Dataset records
#####

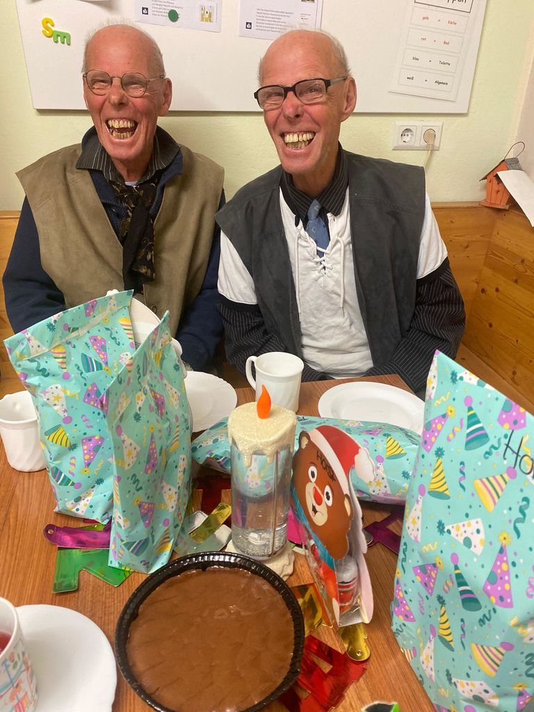 Ihre Freunde überraschten sie mit tollen Geschenken und jeder Menge Süßkram. Bei Kaffee und Kuchen verbrachten Horst und Reinhard ihren Ehrentag.
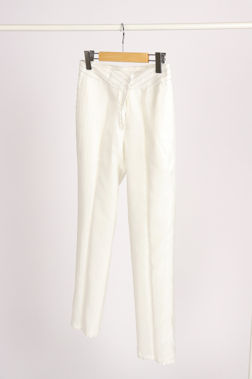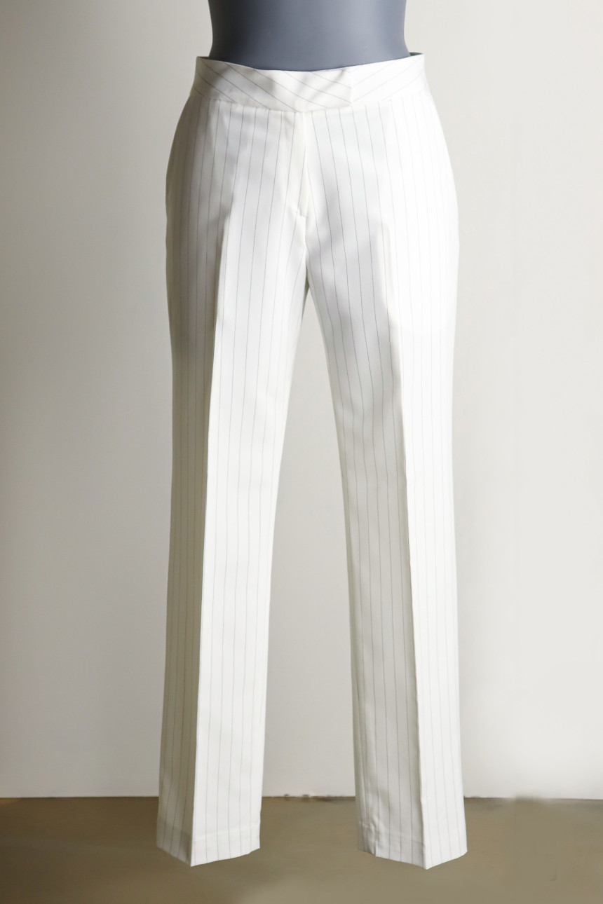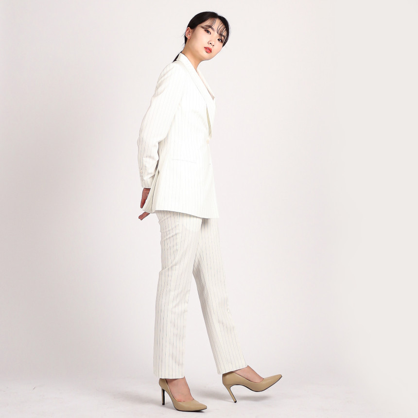 STRIPE SLIM STRAIGHT PANTS - WHITE
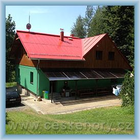 Chata je pronajímána jako celek pouze na víkend nebo týden. Celková ubytovací kapacita pro 20 osob. vytápění objektu je zajištěno ÚT (plyn,dřevo) a krbovými kamny. Společná sauna pro 8 osob a stolní tenis v přízemí. V přízemí 1 pětilůžkový pokoj, společenská místnost, krbová kamna. WC 2x ženy a 2x muži, 2 sprchové kouty TV, video, DVD, UPC, Hi-fi. V podkroví 5... více >>
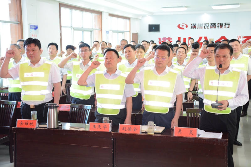 会上,潢川农商银行董事长王天华向五大战队授予了清收战旗。行长赵德全领学了《潢川农商银行欠息90天贷款利息集中清收风暴活动实施方案》,并带领全体参会人员进行了清收宣誓。
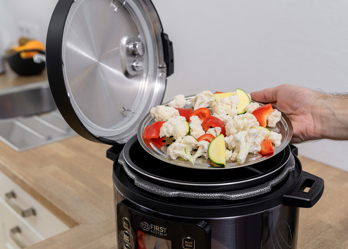 Elektrischer Schnellkochtopf 6 L, 1000 W, antihaft & digital - Silber
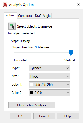 The tabs in the dialog box contain settings for adjusting each of three types of solid and surface analysis: zebra (continuity), curvature, and draft angle.
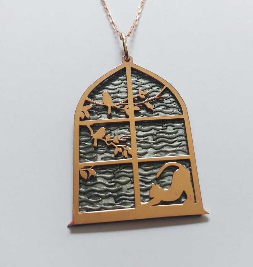 Petcanlar Zetina İşlemeli Kedili Kuşlu Gümüş Kolye Rose Black 925 Ayar
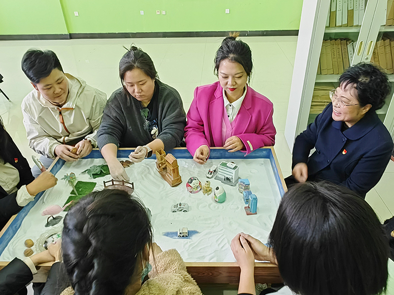 “3.25善爱我”心理健康日之际,为切实加强学校女教职工心理健康教育工作,引导女教职工关注自身心理健康,疏解心理压力,培育乐观心态,以积极健康的心态投入工作和生活中,2024年3月29日下午,辽宁理工职业大学妇委会在北校区主楼心理健康教育中心开展“以沙读心,释放心声”沙盘团体心理辅导活动。本次活动邀请学校心理健康教育中心王玉娥、贾威、黄靖然、赵诗嘉四位老师作指导。党委副书记蔡红武莅临活动现场。
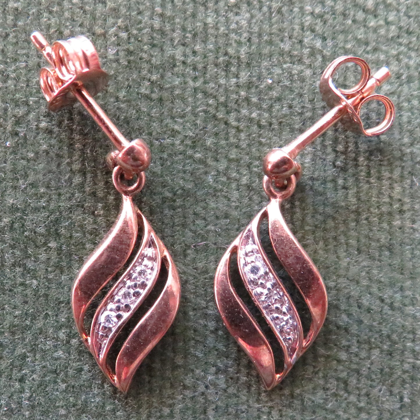 9ct Gold Leaf Shaped Earrings Set With Diamond Chips For Pierced Ears. Please view images as all images are of the actual item.
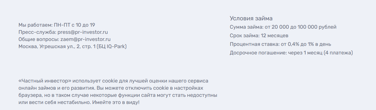 Перед обращением за деньгами в организацию важно обратить внимание на репутацию и опыт работы на рынке. Платформа “Частный Инвестор”, которая имеет адрес Pri Invest Ru была зарегистрирована лишь 2 месяца назад, а официально МФО нигде в списках не числится. Поэтому договор может заключаться с частным лицом, а не компанией. Лицензии / сертификата и прочих документов, кроме пользовательского соглашения, на странице нет.
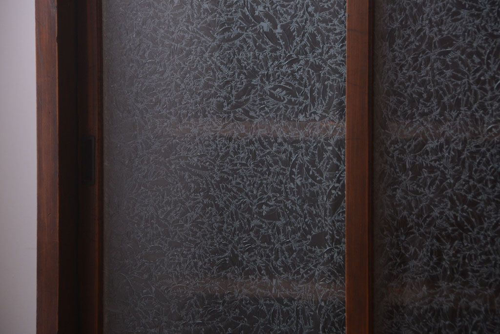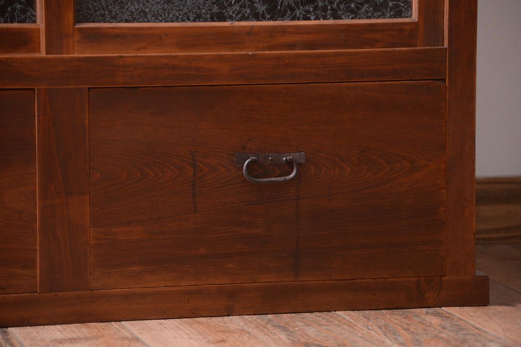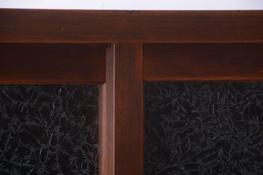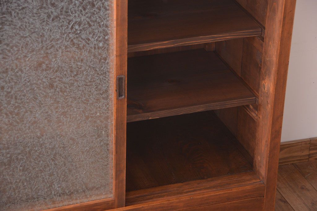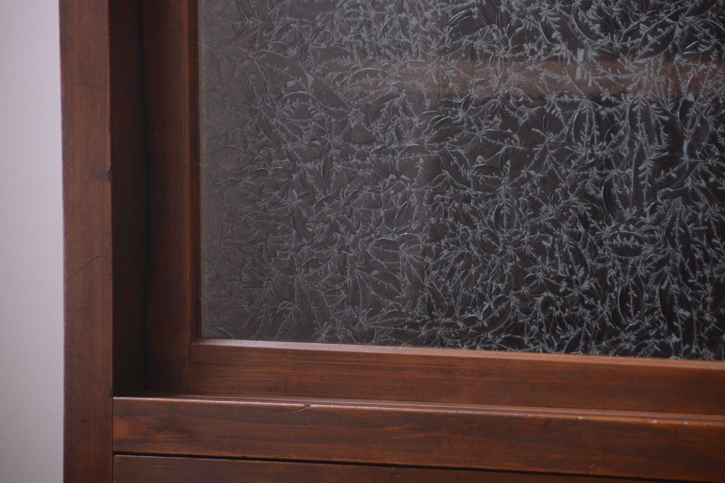 アンティーク家具 和製アンティーク 結霜ガラス入り!古い木製のガラス戸棚
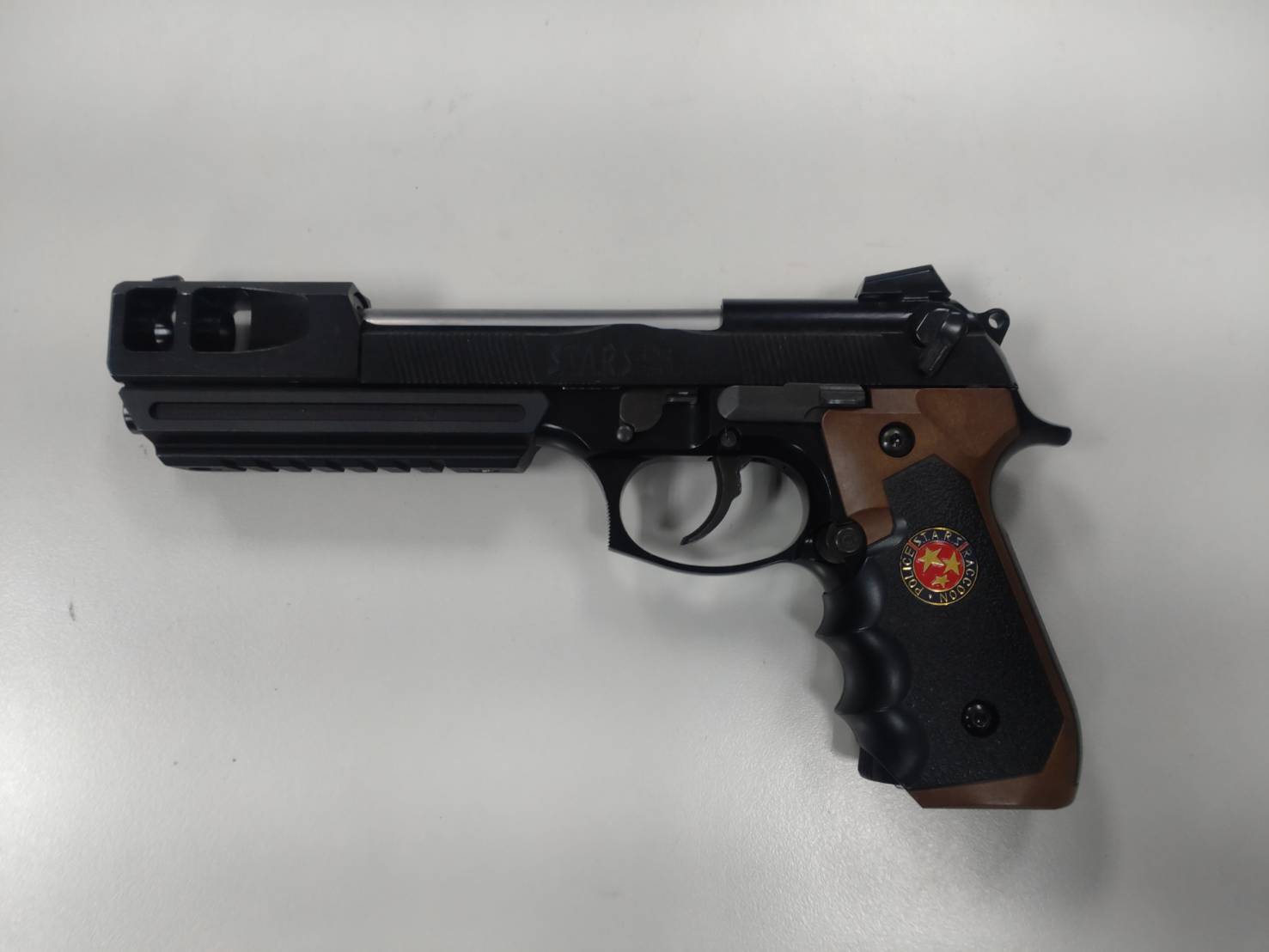 ▲二水鄉謝姓男子因不滿競選宣傳車太吵,在某組總統及立委候選人聯名競選宣傳車經過他家門前,持空氣槍對空鳴槍,警方起出做案BB槍、氣瓶及塑膠BB彈。
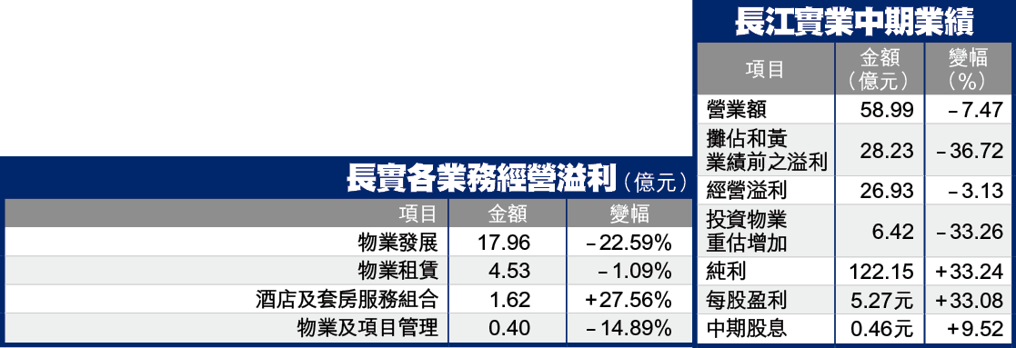 長實解釋,實質盈利倒退是由於入賬的賣樓收益,以及來自投資物業重估升值的賬面利潤減少。長實上半年確認的賣樓收益17.96億元,減少逾兩成,主要來自宇晴軒及新加坡景頤峰,另外都會駅一期、四季豪園及內地珊瑚灣畔二期住宅單位亦於期內完成,部份已售出單位亦包括在中期賬目內。長實解釋,受到上半年落成發展物業減少影響,加上期內利率仍未明朗,拖累本港物業成交量減少,但賣樓邊際利潤維持30%以上。
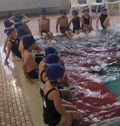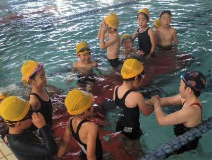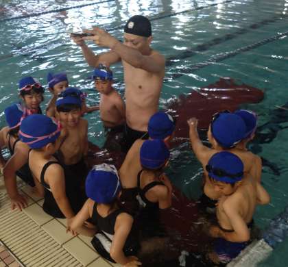 プールサイドには、班の番号を持ったインストラクターさんが待ってくれています。
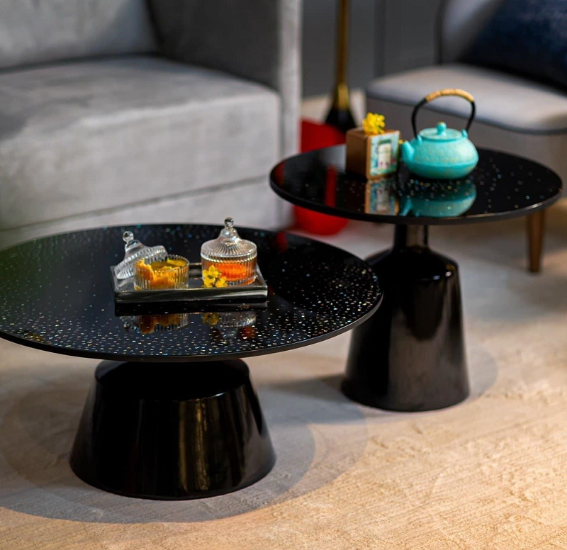 Bàn khảm trai sơn mài được biết đến là mẫu bàn sofa cho phòng khách nhưng mặt bàn đặc biệt được làm thủ công với những mảnh trai tự nhiên ghép vào nhau. Những mảnh trai được chọn lọc rất kỹ càng và được xử lý qua nhiều công đoạn như cắt, mài, đánh bóng, ghép nối mới cho ra được sản phẩm mặt bàn lấp lánh, thu hút ánh nhìn. Sự kết hợp của bàn trà khảm trai hiện đại với ghế sofa phòng khách chắc chắn sẽ tạo nên một một điểm nhấn hoàn toàn nổi bật.
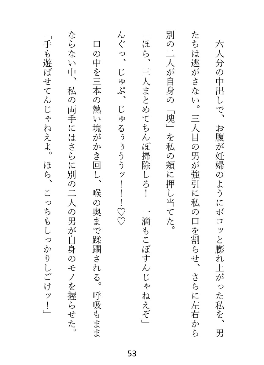 白濁でパンパンに膨れ上がったお腹をさらけ出し、廃人のような笑みで「共有物」として腰を振る、逃げ場のない複数プレイの記録。
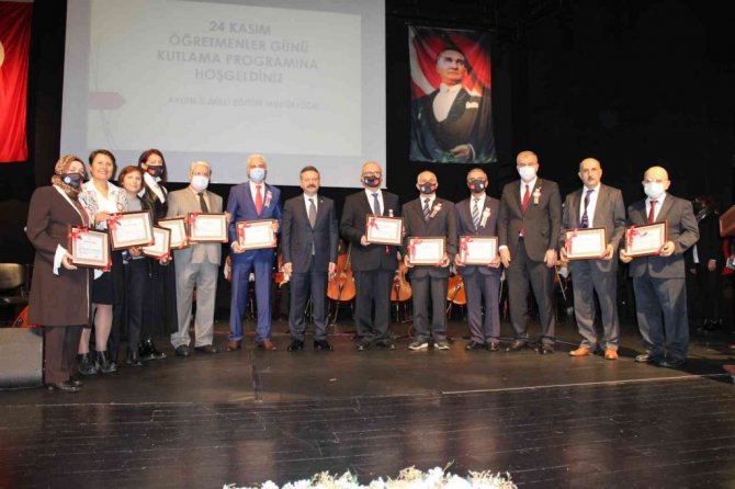 Ülke genelinde olduğu gibi Aydın'da da 24 Kasım Öğretmenler Günü kapsamında kutlama töreni gerçekleştirildi. Aydın Valiliği önündeki Atatürk Anıtı'na Aydın İl Milli Eğitim Müdürü Seyfullah Okumuş tarafından çelenk sunumu ile başlayan tören, Aydın İl Kültür Merkezi Hidayet Sayın Konferans Salonu'nda devam etti. Saygı duruşu ve İstiklal Marşı'nın okunmasıyla başlayan törende stajyerliği biten öğretmenler için yemin töreni gerçekleştirildi. Yeminlerini eden öğretmenler mesleklerine ilk adımı atarken, öğretmenlik mesleğinde uzun süre görev almış ve emekli olmuş öğretmenlere ise Aydın Valisi Hüseyin Aksoy tarafından "Hizmet Şeref Belgesi" verildi.
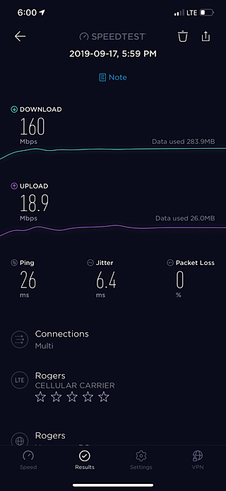 Another speed test riding home this time on a jam packed Skytrain with hundreds of others all using their phones.

#####

■ **WORK REQUEST**: Write out exactly the lines from the one containing "プールサイドには、班の番号を持ったインストラクターさんが待ってくれています。" through the end of the entries, both included. Pictures are not copied.

■ **EXERCISE SOLUTION**:
 プールサイドには、班の番号を持ったインストラクターさんが待ってくれています。
 Bàn khảm trai sơn mài được biết đến là mẫu bàn sofa cho phòng khách nhưng mặt bàn đặc biệt được làm thủ công với những mảnh trai tự nhiên ghép vào nhau. Những mảnh trai được chọn lọc rất kỹ càng và được xử lý qua nhiều công đoạn như cắt, mài, đánh bóng, ghép nối mới cho ra được sản phẩm mặt bàn lấp lánh, thu hút ánh nhìn. Sự kết hợp của bàn trà khảm trai hiện đại với ghế sofa phòng khách chắc chắn sẽ tạo nên một một điểm nhấn hoàn toàn nổi bật.
 白濁でパンパンに膨れ上がったお腹をさらけ出し、廃人のような笑みで「共有物」として腰を振る、逃げ場のない複数プレイの記録。
 Ülke genelinde olduğu gibi Aydın'da da 24 Kasım Öğretmenler Günü kapsamında kutlama töreni gerçekleştirildi. Aydın Valiliği önündeki Atatürk Anıtı'na Aydın İl Milli Eğitim Müdürü Seyfullah Okumuş tarafından çelenk sunumu ile başlayan tören, Aydın İl Kültür Merkezi Hidayet Sayın Konferans Salonu'nda devam etti. Saygı duruşu ve İstiklal Marşı'nın okunmasıyla başlayan törende stajyerliği biten öğretmenler için yemin töreni gerçekleştirildi. Yeminlerini eden öğretmenler mesleklerine ilk adımı atarken, öğretmenlik mesleğinde uzun süre görev almış ve emekli olmuş öğretmenlere ise Aydın Valisi Hüseyin Aksoy tarafından "Hizmet Şeref Belgesi" verildi.
 Another speed test riding home this time on a jam packed Skytrain with hundreds of others all using their phones.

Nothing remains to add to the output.